● ACTIVITY:
Retype all of the listing exactly, passing over any picture you find.

● PROVIDED DATA:
:::::

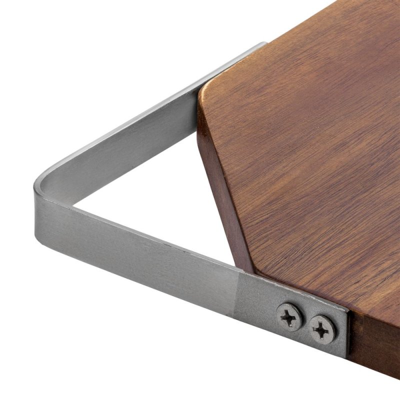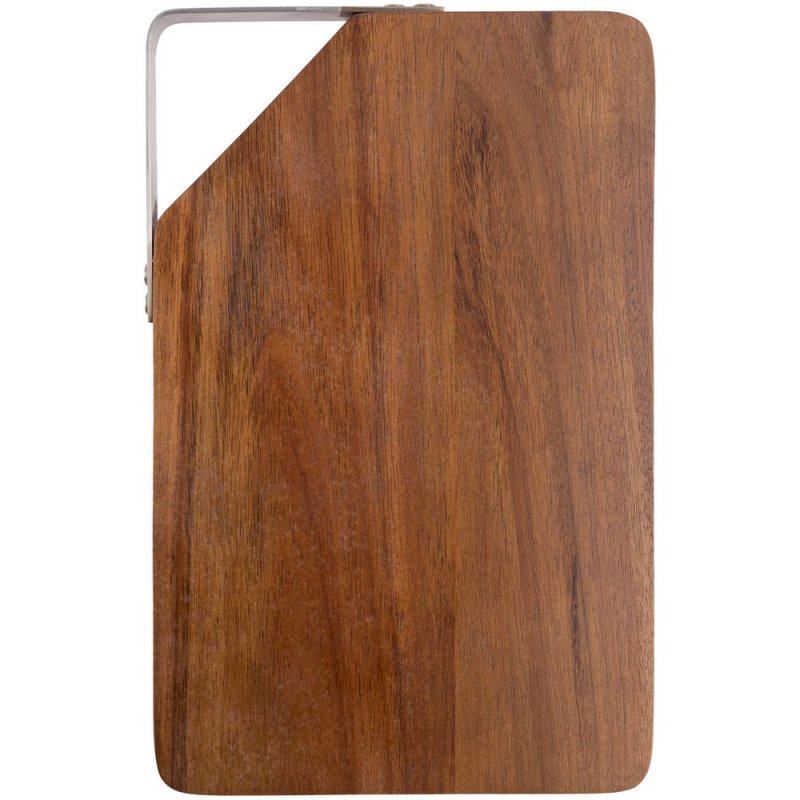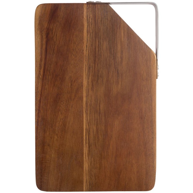 Качественная разделочная доска — необходимый предмет на любой кухне. Доска выполнена из экологически чистого и прочного материала — древесины акации. Она обладает высокой твердостью, водоотталкивающими свойствами и не впитывает запахи. Для удобства размещения на стене в верхнем углу предусмотрен подвес из металла.
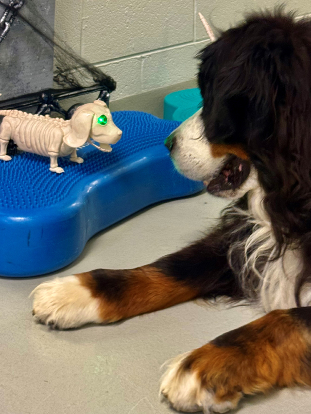 As if the vet's office weren't already scary enough! Elizabeth Fletcher's Keeper looks askance at a demonic dog skeleton at the vet's office! Keeper's B-G Dog ID Keeper's B-G Pedigree 11/03/24 |
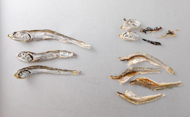 下ごしらえをする- 煮干しは頭とハラワタをとり除いて半分に裂く。
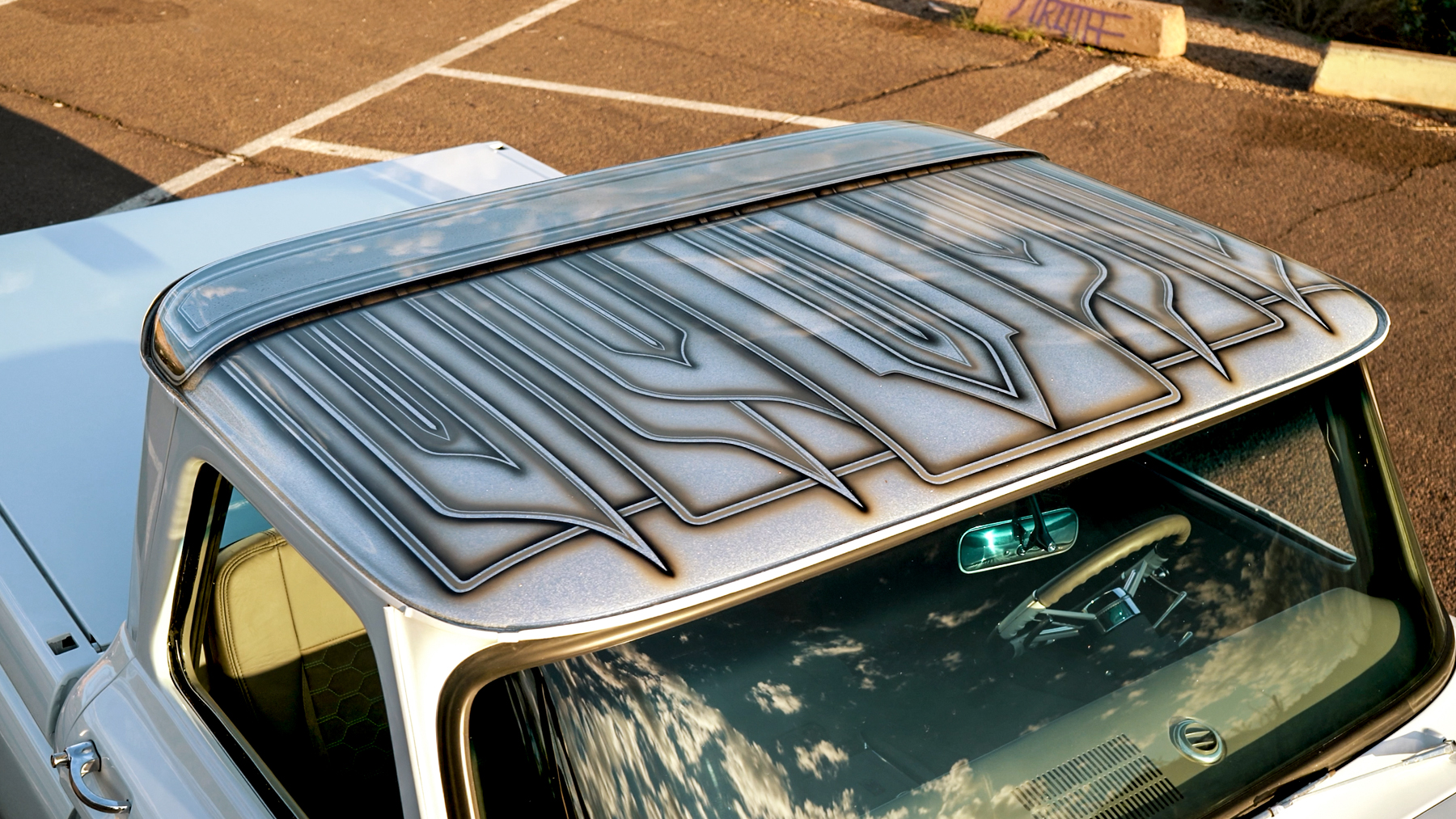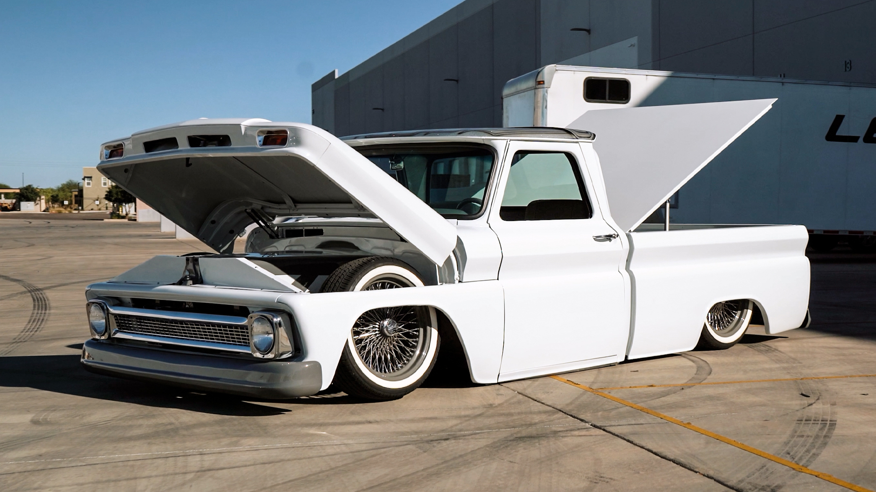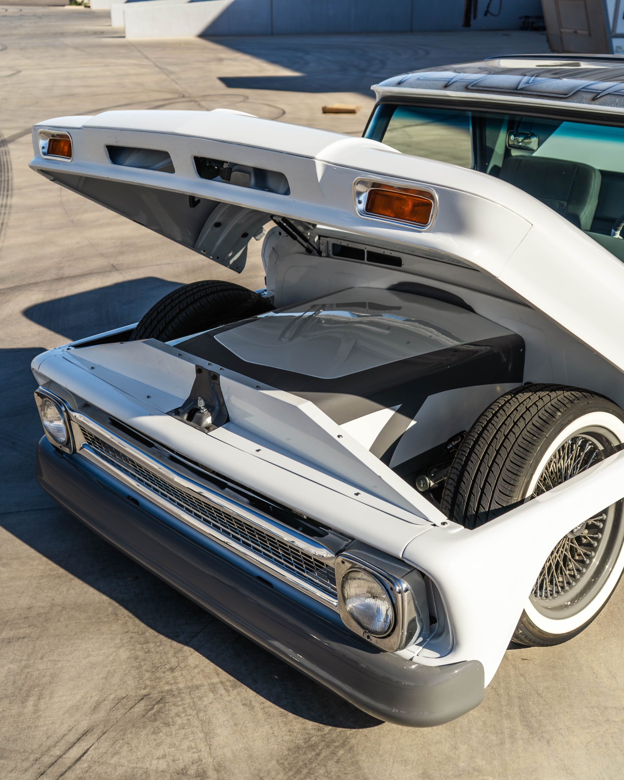 At the helm is owner and Legacy EV founder Rob Ward, whose passion for sustainable mobility shines through in every detail. Powered by a custom EV drivetrain delivering instant torque and silent operation, this C10 eliminates the need for gas while preserving the soul of the original. The truck’s pearl white paint gleams under SEMA lights, accented by intricate lowrider-style graphics cascading across the roof, evoking California’s vibrant custom culture. Custom wire wheels add a vintage flair, wrapped in low-profile rubber that complements the air ride suspension, allowing the rig to lay frame flat on the ground for that signature stance.

:::::

● EXERCISE ANSWER:
 Качественная разделочная доска — необходимый предмет на любой кухне. Доска выполнена из экологически чистого и прочного материала — древесины акации. Она обладает высокой твердостью, водоотталкивающими свойствами и не впитывает запахи. Для удобства размещения на стене в верхнем углу предусмотрен подвес из металла.
 As if the vet's office weren't already scary enough! Elizabeth Fletcher's Keeper looks askance at a demonic dog skeleton at the vet's office! Keeper's B-G Dog ID Keeper's B-G Pedigree 11/03/24 |
 下ごしらえをする- 煮干しは頭とハラワタをとり除いて半分に裂く。
 At the helm is owner and Legacy EV founder Rob Ward, whose passion for sustainable mobility shines through in every detail. Powered by a custom EV drivetrain delivering instant torque and silent operation, this C10 eliminates the need for gas while preserving the soul of the original. The truck’s pearl white paint gleams under SEMA lights, accented by intricate lowrider-style graphics cascading across the roof, evoking California’s vibrant custom culture. Custom wire wheels add a vintage flair, wrapped in low-profile rubber that complements the air ride suspension, allowing the rig to lay frame flat on the ground for that signature stance.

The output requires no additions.